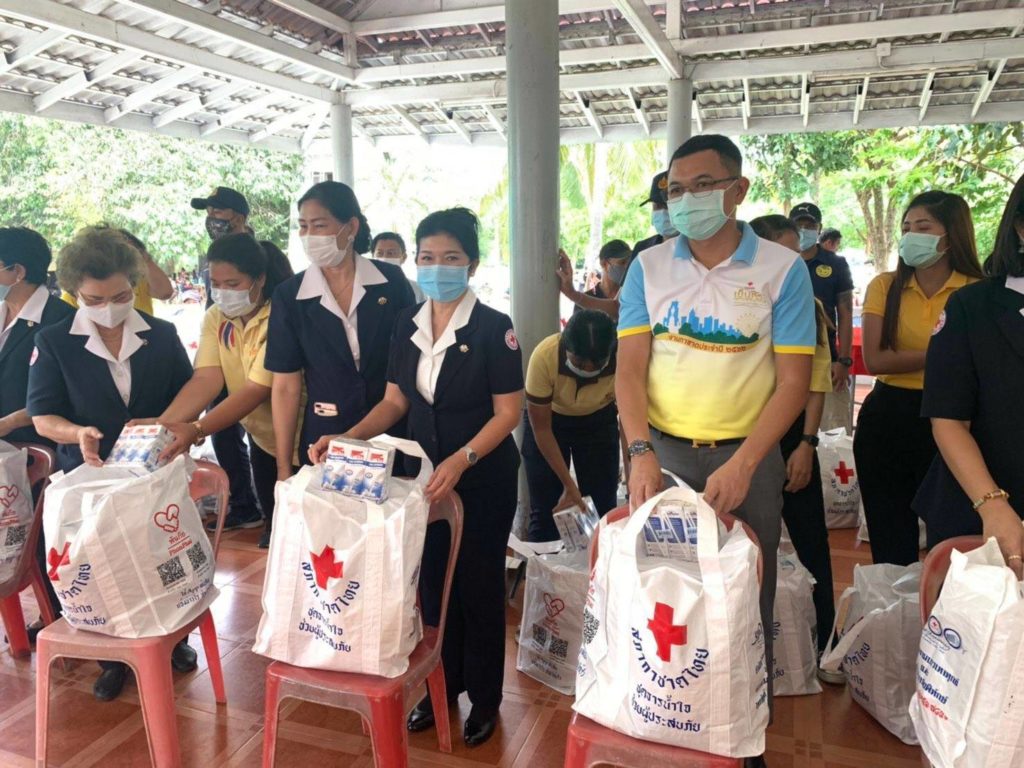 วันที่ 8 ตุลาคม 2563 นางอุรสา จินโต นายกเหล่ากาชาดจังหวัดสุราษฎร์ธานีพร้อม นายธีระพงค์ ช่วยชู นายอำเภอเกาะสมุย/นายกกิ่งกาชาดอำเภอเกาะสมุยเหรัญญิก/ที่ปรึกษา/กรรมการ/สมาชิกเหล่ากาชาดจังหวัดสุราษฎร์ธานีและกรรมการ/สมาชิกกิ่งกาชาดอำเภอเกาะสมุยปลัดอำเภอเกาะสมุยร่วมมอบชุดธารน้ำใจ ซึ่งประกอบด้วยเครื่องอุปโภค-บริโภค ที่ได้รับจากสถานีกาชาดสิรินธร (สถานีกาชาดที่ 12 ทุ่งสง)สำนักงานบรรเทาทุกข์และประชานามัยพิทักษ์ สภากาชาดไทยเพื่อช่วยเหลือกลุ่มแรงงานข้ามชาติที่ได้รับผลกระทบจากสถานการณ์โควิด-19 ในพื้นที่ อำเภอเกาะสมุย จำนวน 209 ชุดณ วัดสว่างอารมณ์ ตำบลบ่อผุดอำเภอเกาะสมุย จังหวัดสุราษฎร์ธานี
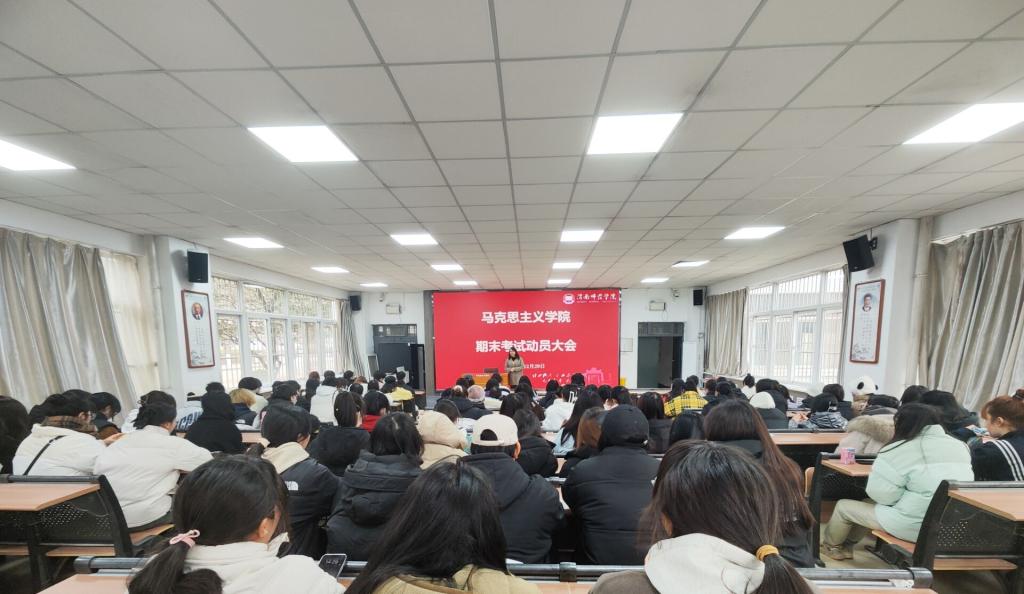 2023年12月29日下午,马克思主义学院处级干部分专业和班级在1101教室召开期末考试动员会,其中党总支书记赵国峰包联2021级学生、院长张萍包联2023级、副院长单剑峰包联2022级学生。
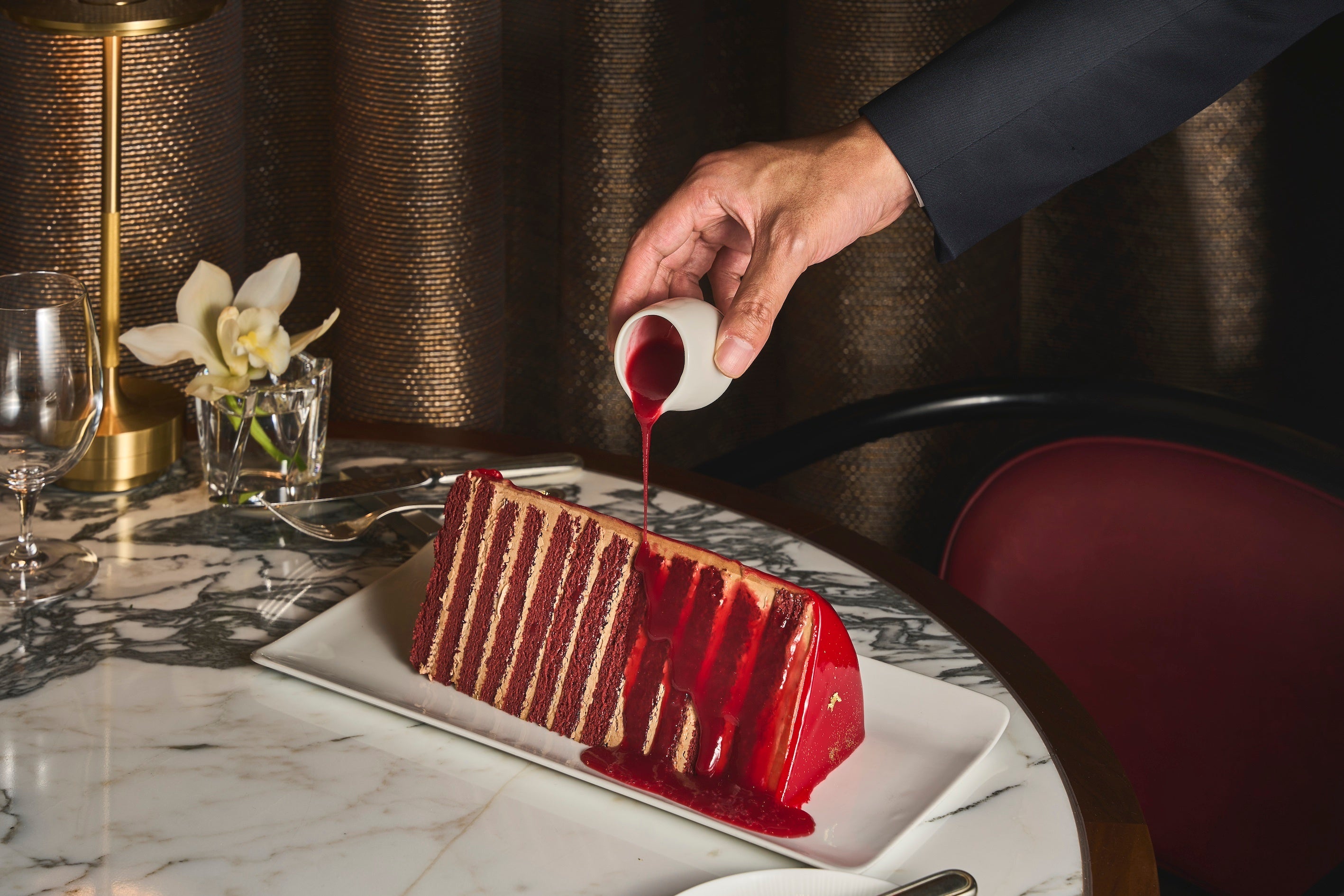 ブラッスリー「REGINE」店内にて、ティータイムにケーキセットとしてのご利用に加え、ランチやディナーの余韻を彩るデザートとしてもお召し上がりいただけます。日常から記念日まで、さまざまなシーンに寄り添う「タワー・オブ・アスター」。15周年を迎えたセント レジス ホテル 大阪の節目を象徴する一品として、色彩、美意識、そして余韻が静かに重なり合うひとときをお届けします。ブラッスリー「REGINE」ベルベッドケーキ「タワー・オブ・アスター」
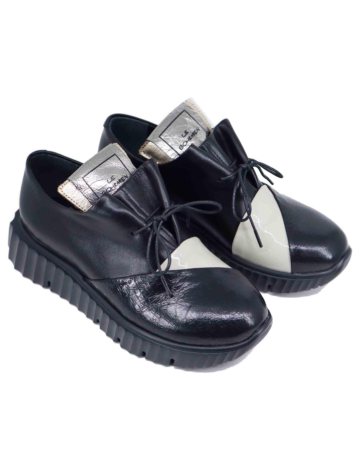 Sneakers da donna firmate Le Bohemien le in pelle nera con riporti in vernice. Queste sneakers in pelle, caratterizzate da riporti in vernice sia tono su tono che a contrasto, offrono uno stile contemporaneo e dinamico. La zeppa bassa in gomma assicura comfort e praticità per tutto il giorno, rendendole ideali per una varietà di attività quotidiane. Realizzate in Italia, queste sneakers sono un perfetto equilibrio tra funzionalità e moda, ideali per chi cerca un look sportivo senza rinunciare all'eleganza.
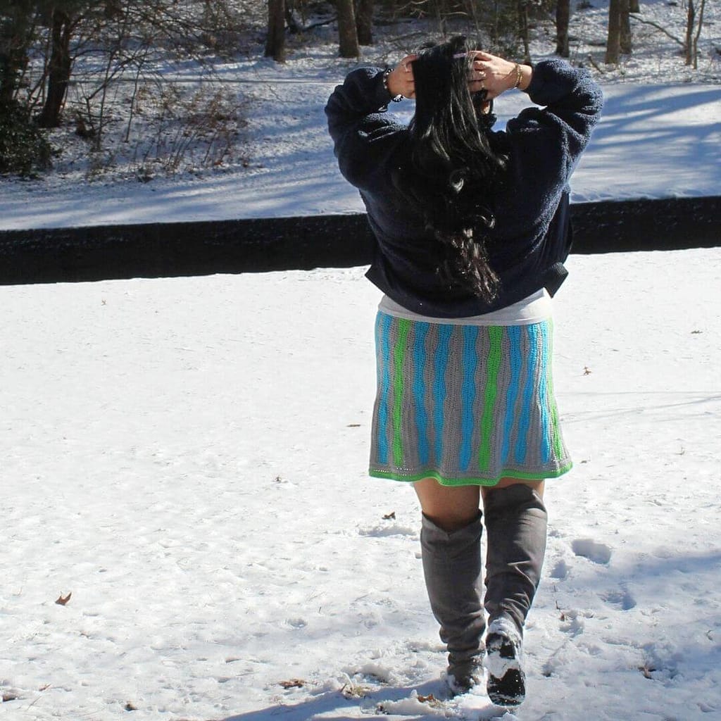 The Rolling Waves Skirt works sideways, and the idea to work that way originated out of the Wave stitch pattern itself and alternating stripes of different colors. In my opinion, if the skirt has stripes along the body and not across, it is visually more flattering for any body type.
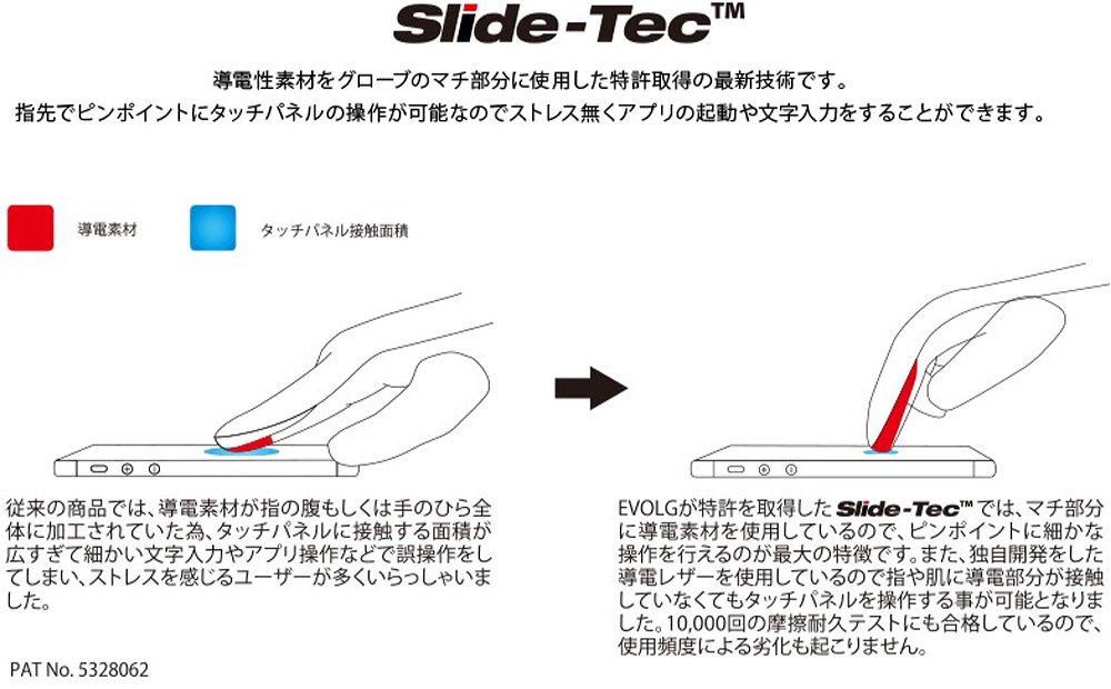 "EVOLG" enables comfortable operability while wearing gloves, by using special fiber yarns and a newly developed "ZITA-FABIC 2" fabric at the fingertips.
● ● ● ● ●
Beginning at the line above that contains "2023年12月29日下午,马克思主义学", repeat each line exactly through the one that contains "The Rolling Waves", and leave out the pictures.

▶ Solution to this exercise
 2023年12月29日下午,马克思主义学院处级干部分专业和班级在1101教室召开期末考试动员会,其中党总支书记赵国峰包联2021级学生、院长张萍包联2023级、副院长单剑峰包联2022级学生。
 ブラッスリー「REGINE」店内にて、ティータイムにケーキセットとしてのご利用に加え、ランチやディナーの余韻を彩るデザートとしてもお召し上がりいただけます。日常から記念日まで、さまざまなシーンに寄り添う「タワー・オブ・アスター」。15周年を迎えたセント レジス ホテル 大阪の節目を象徴する一品として、色彩、美意識、そして余韻が静かに重なり合うひとときをお届けします。ブラッスリー「REGINE」ベルベッドケーキ「タワー・オブ・アスター」
 Sneakers da donna firmate Le Bohemien le in pelle nera con riporti in vernice. Queste sneakers in pelle, caratterizzate da riporti in vernice sia tono su tono che a contrasto, offrono uno stile contemporaneo e dinamico. La zeppa bassa in gomma assicura comfort e praticità per tutto il giorno, rendendole ideali per una varietà di attività quotidiane. Realizzate in Italia, queste sneakers sono un perfetto equilibrio tra funzionalità e moda, ideali per chi cerca un look sportivo senza rinunciare all'eleganza.
 The Rolling Waves Skirt works sideways, and the idea to work that way originated out of the Wave stitch pattern itself and alternating stripes of different colors. In my opinion, if the skirt has stripes along the body and not across, it is visually more flattering for any body type.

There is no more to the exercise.